Die Schadenshöhe wird in der Regel durch ein Sachverständigengutachten oder einem Kostenvoranschlag festgestellt. Nach § 69 Abs. 1, Abs. 2 Nr. 3 StGB kommt es in Fällen der Unfallflucht regelmäßig zur Entziehung der Fahrerlaubnis, wenn ein:e Beschuldigte:r einen „bedeutenden Sachschaden“ verursacht hat. Dieser Rechtsbegriff wird von den Gerichten unterschiedlich ausgelegt und wurde in der Vergangenheit oft neu definiert. So beschloss beispielsweise zuletzt das Landgericht Berlin, dass die maßgebliche Grenze bei 1300 Euro liegt (Az. 534 Qs 23/19).

Das Landgericht Hamburg entschied nun, dass ein bedeutender Sachschaden im Sinne von § 69 Abs. 2 Nr. 3 StGB erst dann vorliegt, wenn die Kosten für die Reparatur des Fahrzeugs mindestens 1800 Euro betragen. 

Reparaturkosten und Einkommens­entwicklung entscheidend

Im Oktober 2022 verursachte eine PKW-Fahrerin auf einem Parkplatz die Beschädigung eines anderen Fahrzeugs. Sie verließ den Unfallort, obwohl sie den Unfall bemerkt hatte. Die Reparaturkosten des beschädigten Fahrzeugs wurden laut einem Gutachten daraufhin auf etwa 1600 Euro geschätzt. Fraglich war zunächst damit, ob der Frau gemäß § 69 Abs. 2 Nr. 3 StGB die Fahrerlaubnis entzogen werden sollte. Das Amtsgericht Hamburg bejahte dies, indem es der Fahrerin gemäß § 111 a Abs. 1 StPO vorläufig die Fahrerlaubnis entzog. Die Fahrerin legte sodann dagegen Beschwerde ein. 

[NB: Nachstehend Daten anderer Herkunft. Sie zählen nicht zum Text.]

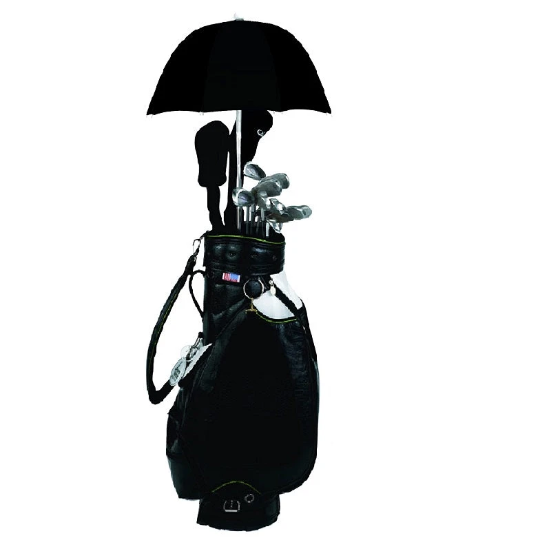 Elevated ribs protect clubs and umbrella frame – Non-slip handle with engraved logo – 100% nylon cover
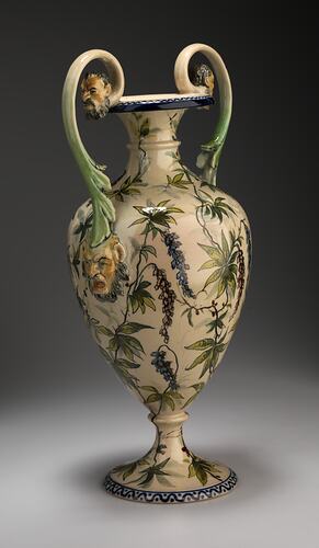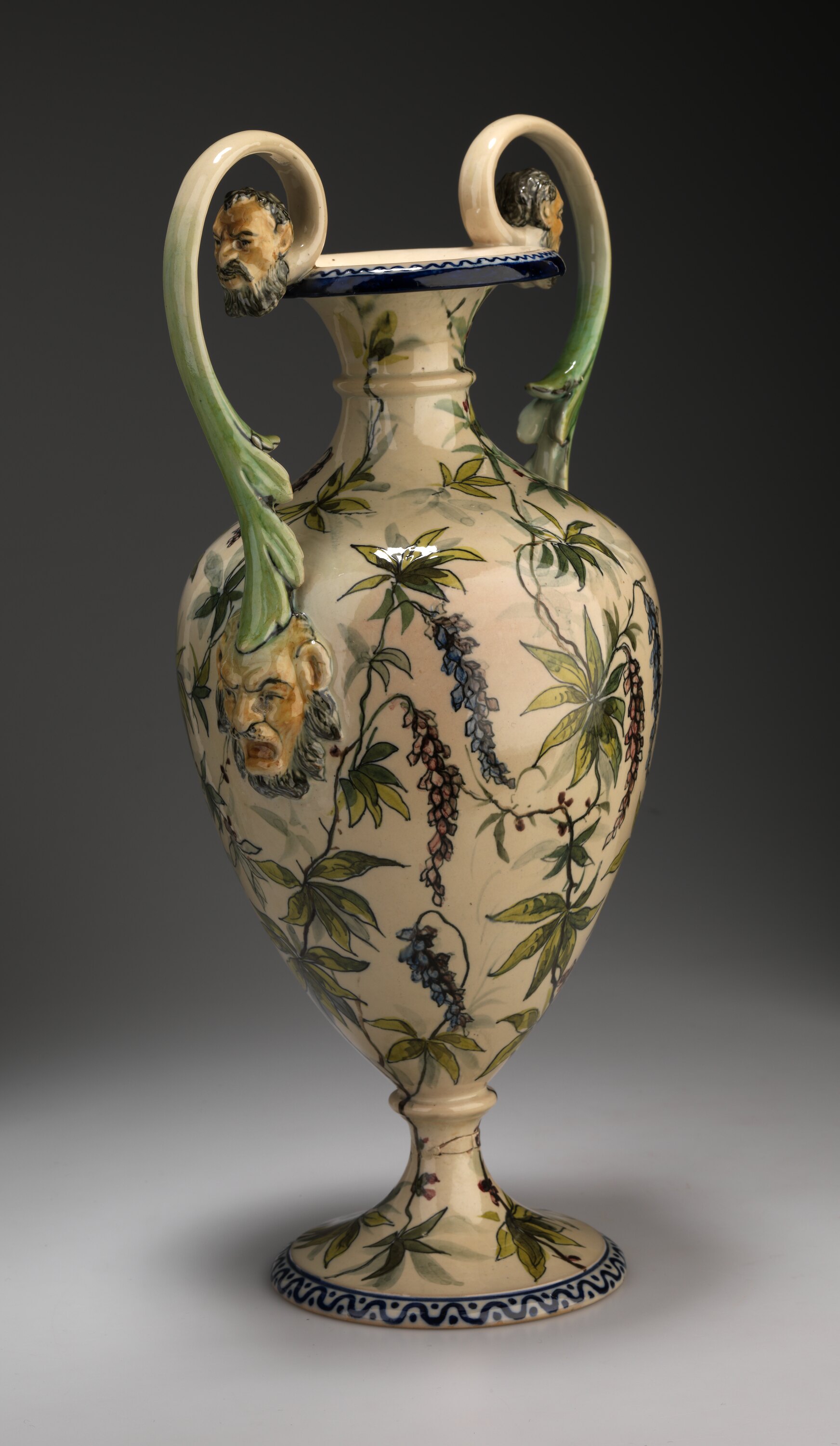 Double handled amphora. Cream underglaze painted all over with wisteria plants. On the front, a naturalistic realisation of a parrot. The handles meet the rim and body with satyrs heads. Damage to the foot and handles.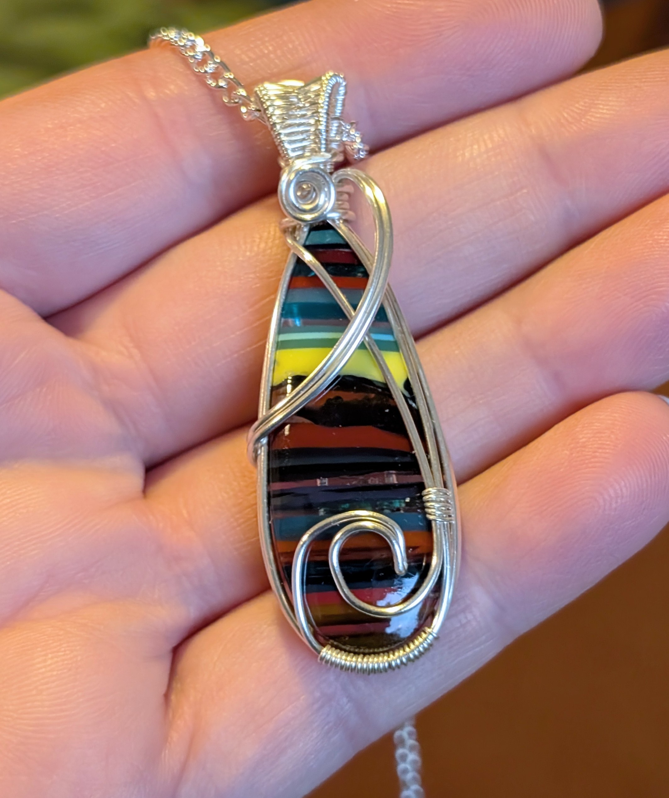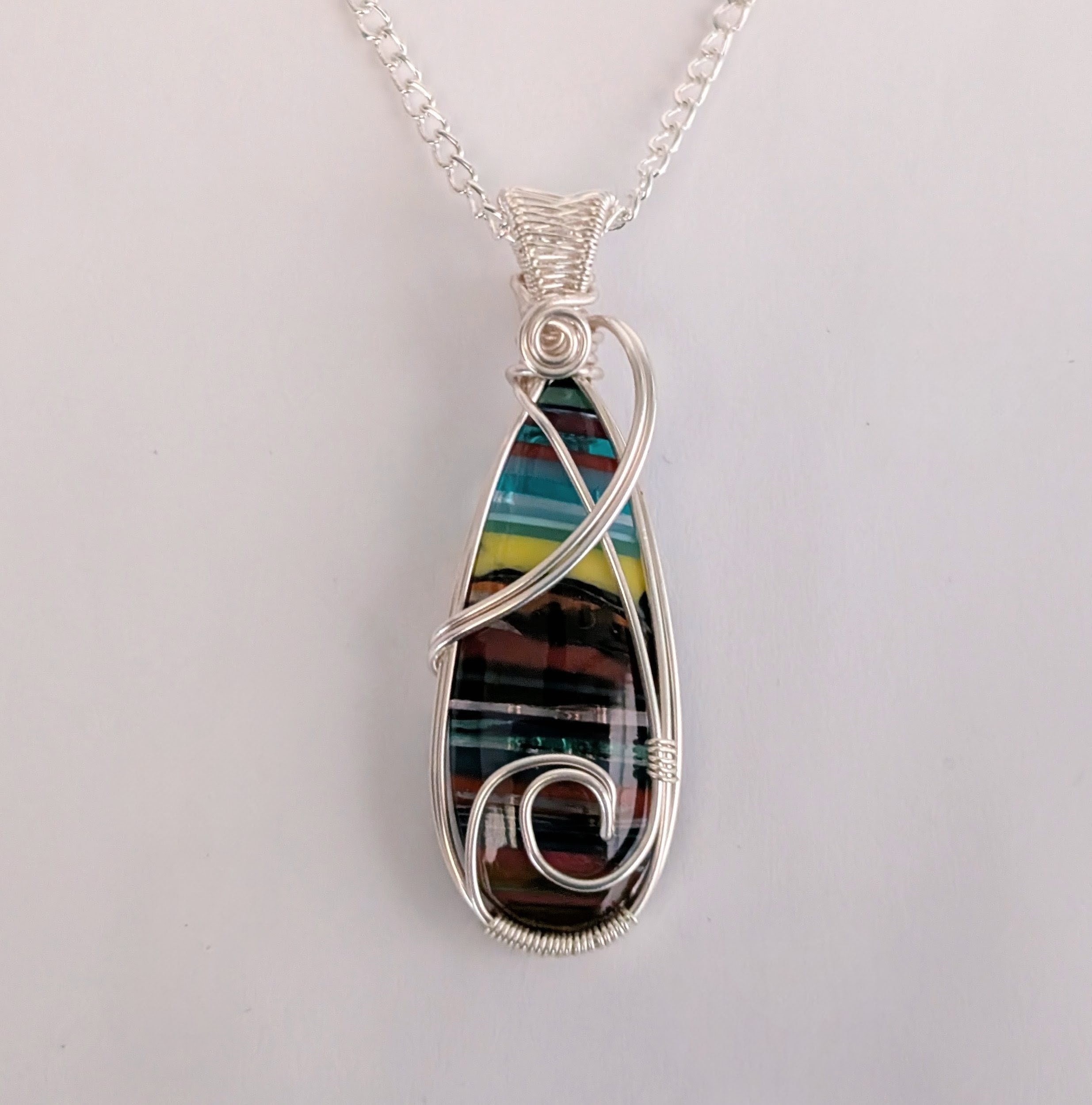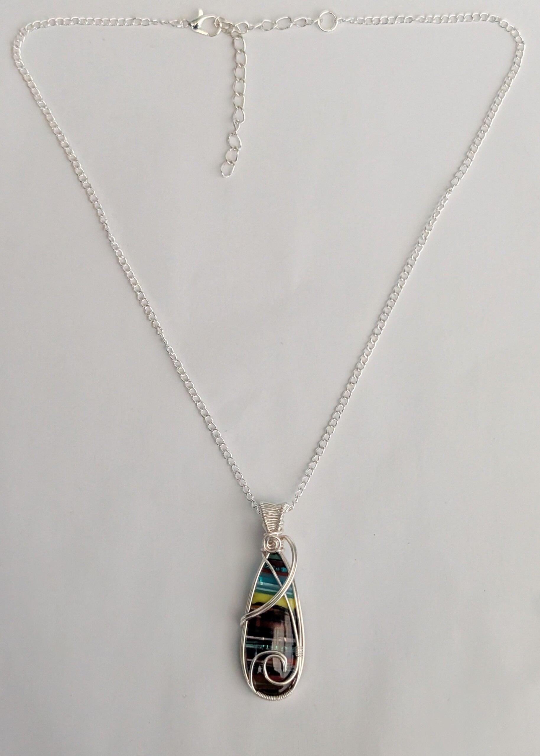 Colourful striped surfite pendant with silver plated copper wire.

Das Landgericht Hamburg entschied jedoch, dass eine Fahrerlaubnisentziehung gemäß § 69 Abs. 2 Nr. 3 StGB nicht in Betracht komme. Die vorläufige Entziehung der Fahrerlaubnis war damit nicht rechtens. Zwar verließ die Beschuldigte unerlaubt den Unfallort, jedoch läge kein bedeutender Sachschaden vor. Laut Gericht ist bei der Beurteilung des Schadens als „bedeutend“ die fortschreitende Entwicklung der Reparaturkosten und die Einkommens­entwicklung zu beachten. 

Bislang wurde ein bedeutender Sachschaden angenommen, wenn eine Wertgrenze von 1.500 Euro erreicht wurde. Die fortschreitende Entwicklung der Reparaturkosten und die Einkommensentwicklung rechtfertigen jedoch die Anhebung der Wertgrenze auf 1.800 Euro, so das Landgericht Hamburg. Da die Reparaturkosten auf etwa 1.600 Euro geschätzt wurden, wurde die Wertgrenze nicht überschritten, sodass die Entziehung der Fahrerlaubnis gemäß § 69 Abs. 2 Nr. 3 StGB nicht in Betracht kommt. 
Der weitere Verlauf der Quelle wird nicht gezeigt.